Since the dataset is largely continuous, we need to turn features into discrete ones.

## Variable discretisation

There are different methods to discretise continuous variables:

- **Equal-width binning**: divides the scope of possible values into N bins of the same width.
- **Equal-frequency binning**: divides the scope of possible values into N bins, each of them containing approximately the same number of samples.
- **Domain knowledge binning**: divides the scope of possible values into bins according to the domain knowledge.
<!-- There are other methods too listed below.
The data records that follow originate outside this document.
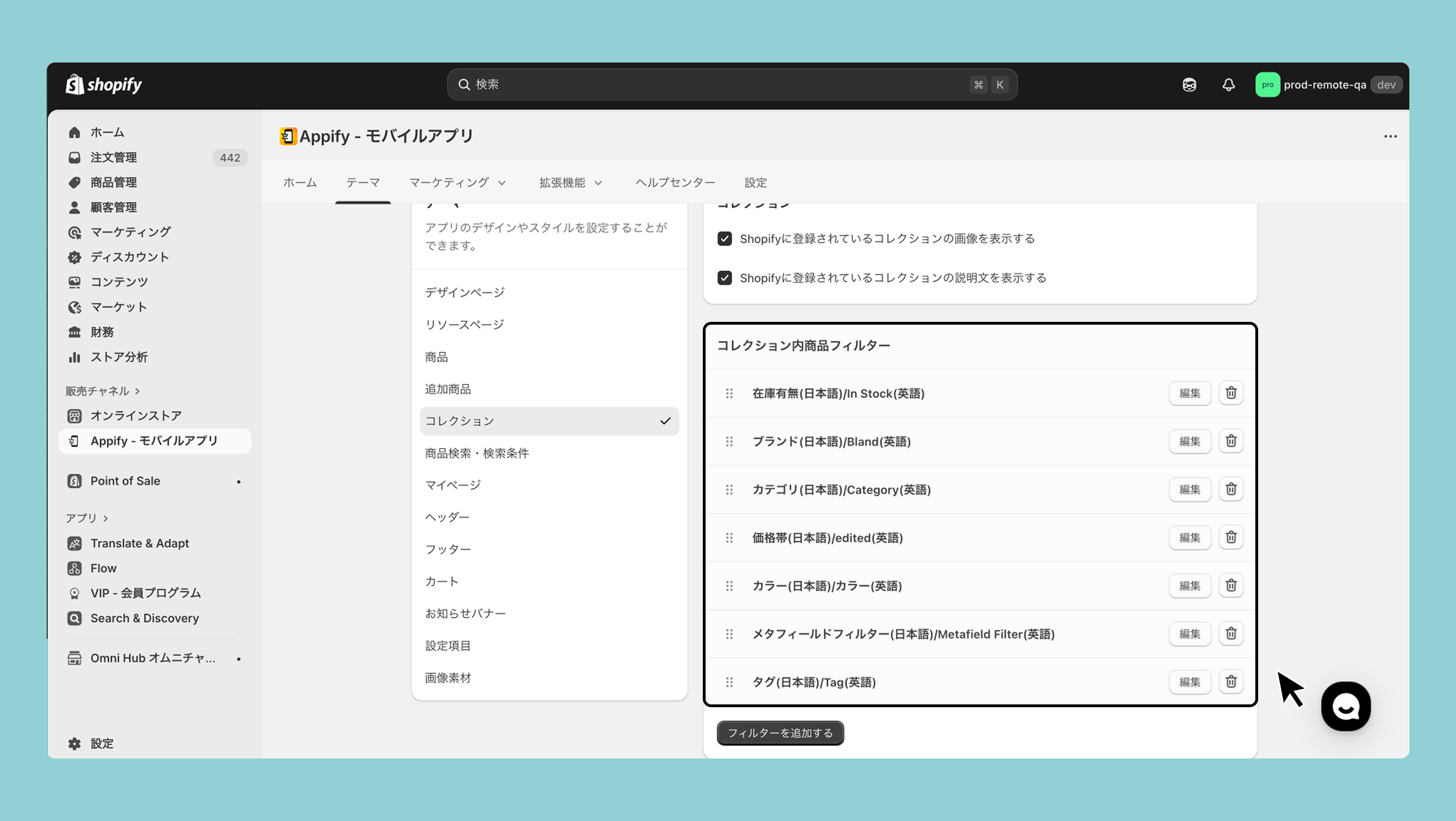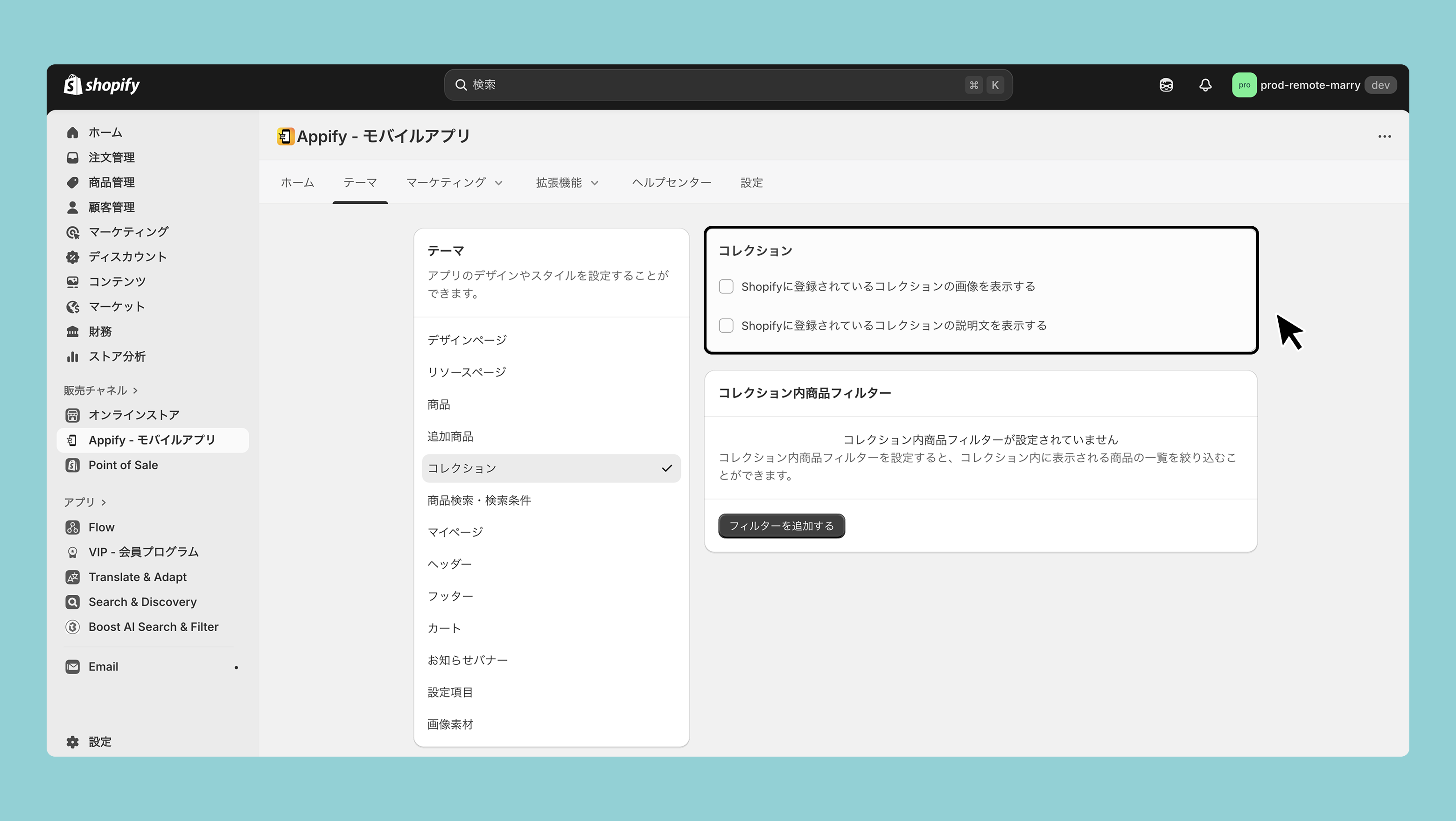 Appify管理画面>テーマ>コレクションから設定可能です。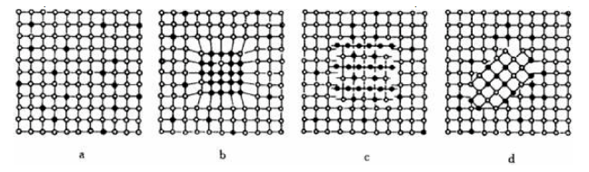 图a. 淬火状态,为单相α固溶体,铜原子(黑圆点)均匀分布;图b. 时效初期,形成GP区;图c. 时效后期,形成半共格的过渡相;图d. 高温时效,析出非共格的平衡相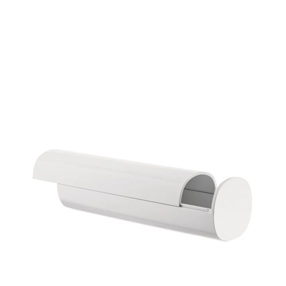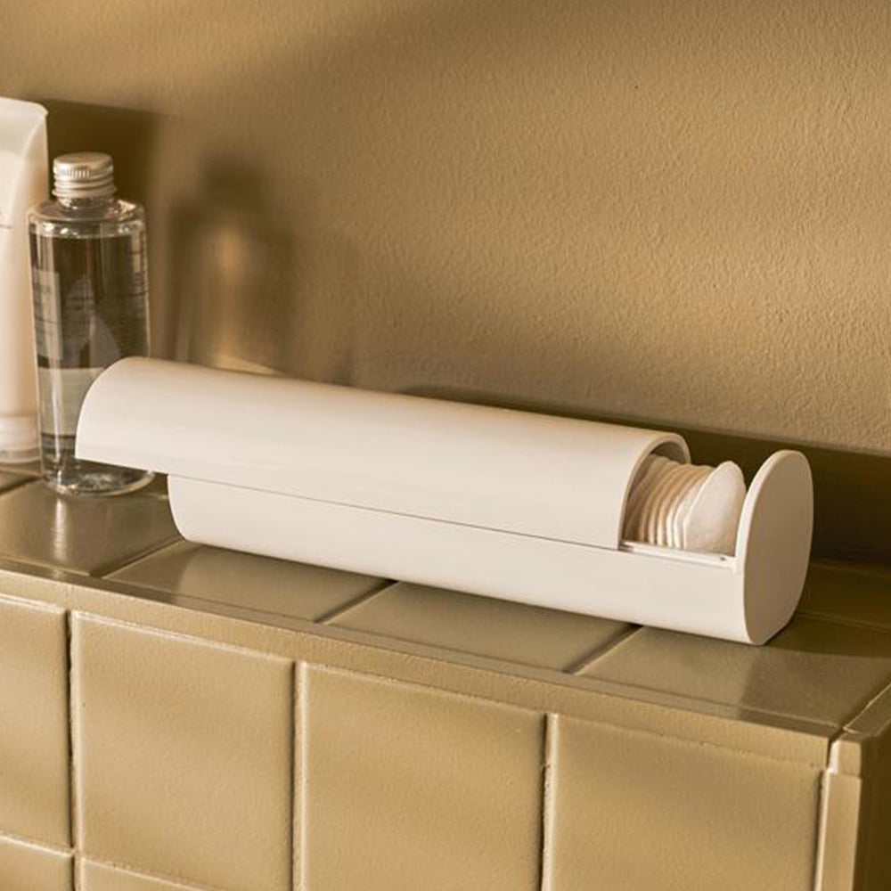 Cotton pad dispenser with sliding lid, made of thick PMMA, white, with a glossy finish.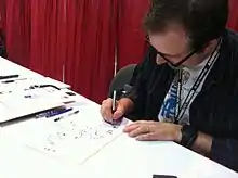 ![]() Fred Gallagher sketching at an autograph booth at Anime Expo 2011. | |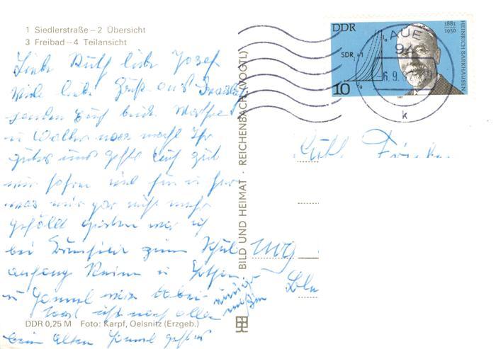 73907897 alte Postkarte Bernsbach Siedlerstrasse uebersicht Freibad Teilansicht postalisch gelaufen Erhaltung siehe scans [FriedD77] KatCode: 11110014191070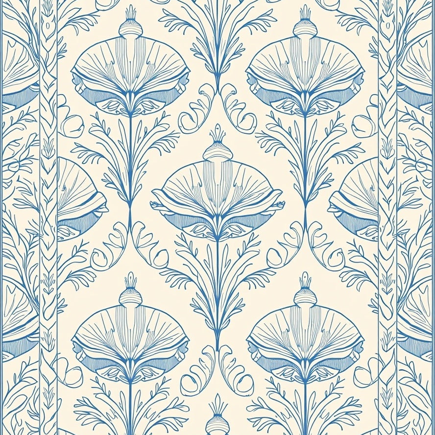 Celestial Bloom Trail Featuring Lunar Phases and Delicate Motifs(Blue)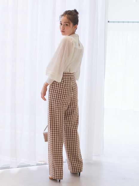 華奢に見えるよう肩はコンパクトに、着用にも無理が出ないよう袖はギャザーをいれ大きくボリュームのあるメリハリの利いたシルエットになっています。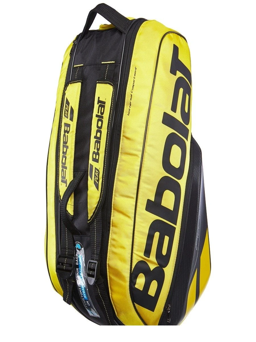 Babolat Pure Aero 6 Pack Tennis Bag has a new color. Features two main compartments that will hold up to three racquets each. One compartment features Isothermal Protection. Has an exterior pocket for shoes, and attached adjustable padded backpack straps.

- ChiMerge: merges the bins using the Chi2 test to evaluate the statistical dependence of the classes and the feature.
- Entropy-based binning: merges the bins using the entropy of the classes and the feature.
- K-means binning: merges the bins using the K-means algorithm.
- Gaussian mixture binning: merges the bins using a Gaussian Mixture Model.
- Quantile binning: merges the bins so that each bin contains the same number of samples.
- Uniform binning: merges the bins so that each bin contains the same width.
- Recursive partitioning: merges the bins using a decision tree.
- Discretisation using decision trees: merges the bins using a decision tree.
- Discretisation using clustering: merges the bins using a clustering algorithm.
- Discretisation using support vector machines: merges the bins using a support vector machine.
- Discretisation using linear models: merges the bins using a linear model.
- Discretisation using nearest neighbours: merges the bins using a nearest neighbours algorithm.
- Discretisation using kernel density estimation: merges the bins using a kernel density estimation.
- Discretisation using fuzzy logic: merges the bins using a fuzzy logic algorithm.
- Discretisation using genetic algorithms: merges the bins using a genetic algorithm.
- Discretisation using simulated annealing: merges the bins using a simulated annealing algorithm.
- Discretisation using a neural network: merges the bins using a neural network.
- Discretisation using a random forest: merges the bins using a random forest.
- Discretisation using a linear discriminant analysis: merges the bins using a linear discriminant analysis.
- Discretisation using a quadratic discriminant analysis: merges the bins using a quadratic discriminant analysis.
- Discretisation using a principal component analysis: merges the bins using a principal component analysis.
- Discretisation using a factor analysis: merges the bins using a factor analysis.
- Discretisation using a canonical correlation analysis: merges the bins using a canonical correlation analysis.
- Discretisation using a partial least squares regression: merges the bins using a partial least squares regression.
- Discretisation using a ridge regression: merges the bins using a ridge regression. -->

WARNING: The choice of bins will influence the results of the mutual information filter.

In [None]:
# variable discretisation using pandas.qcut

# add new column with discretised values
data['Discretised Energy with dietary fibre, equated \n(kJ)'] = pd.qcut(data['Energy with dietary fibre, equated \n(kJ)'], 20, labels=False)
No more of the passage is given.